■ **What you need to do**
Check every line of the records below for the string "dute" and copy the ones that have it.

■ **Input records**
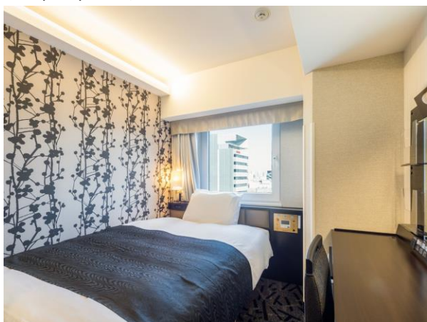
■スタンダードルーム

--

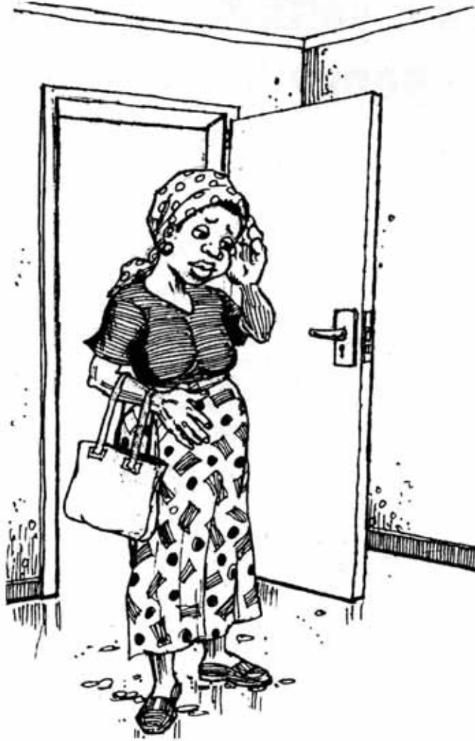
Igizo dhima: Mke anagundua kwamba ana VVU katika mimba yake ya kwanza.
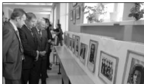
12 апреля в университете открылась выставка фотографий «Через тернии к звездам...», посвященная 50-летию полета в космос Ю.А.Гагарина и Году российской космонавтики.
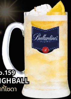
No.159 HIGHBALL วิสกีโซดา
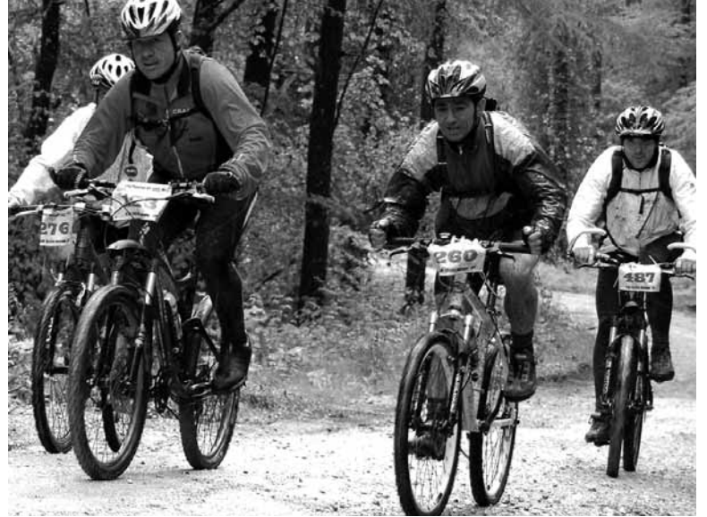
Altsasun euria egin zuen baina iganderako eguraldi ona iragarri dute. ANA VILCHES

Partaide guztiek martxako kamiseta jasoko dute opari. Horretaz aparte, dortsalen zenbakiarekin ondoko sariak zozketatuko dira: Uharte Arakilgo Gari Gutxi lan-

■ **Answer to this task**
Altsasun euria egin zuen baina iganderako eguraldi ona iragarri dute. ANA VILCHES
Partaide guztiek martxako kamiseta jasoko dute opari. Horretaz aparte, dortsalen zenbakiarekin ondoko sariak zozketatuko dira: Uharte Arakilgo Gari Gutxi lan-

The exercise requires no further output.